Capital Cell is a Spanish based life sciences crowdfunding platform that opened a UK office in 2017. After investment in many European healthcare companies, Capital Cell have planned to develop an initial coin offering (ICO) platform for European biotech’s.  The platform, Cell Market, will use its own cryptocurrency, CELL, as a transaction medium. This mirrors the earlier efforts by major US generalist crowdfunding platforms such as Indiegogo, Republic and Angelist who have started their own ICO initiatives.

In France, a recent crowdfunding platform MyPharmaCompany basis its business model on a return of royalties on the annual sales of financed products. This looks quite innovative as it is a royalty-based agreement (not equity), and hence it is not governed by the stricter regulatory requirements for equity-based crowdfunding.

Another French crowdfunding platform is PRE-IPO. PRE-IPO is a platform operated by Invest Securities that allows individual investors to invest in companies that are not yet listed but intend to list on a stock market in the short or medium term.

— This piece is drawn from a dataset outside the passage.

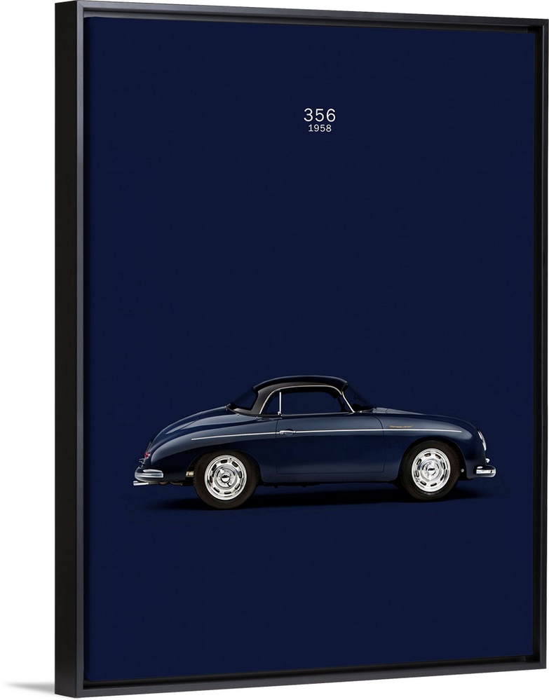 <p>Photograph of a navy blue Porsche 356 1958 Blue printed on a navy blue background</p>

Until now, this type of transaction was reserved for the historical shareholders of the companies and the clients of investment banks. PRE-IPO wants to democratise the market by allowing individuals to invest from €2,500 in pre-IPO companies. Biotech companies backed by PRE-IPO include AlzProtect and InnaVirVax.

A similar company in the UK is PrimaryBid. Over the past three years PrimaryBid has rapidly grown into a dynamic, award winning investment platform that is democratising the public equity issuance market by allowing retail investors the ability to participate in equity offerings on the AIM market at the same time and price as institutional investors. To date, more than £56m has been sourced via the company’s platform. PrimaryBid doesn’t specialise in the biotech sector although one of their clients is Provexis, an AIM-listed company developing anti-thrombotic nutritional treatments.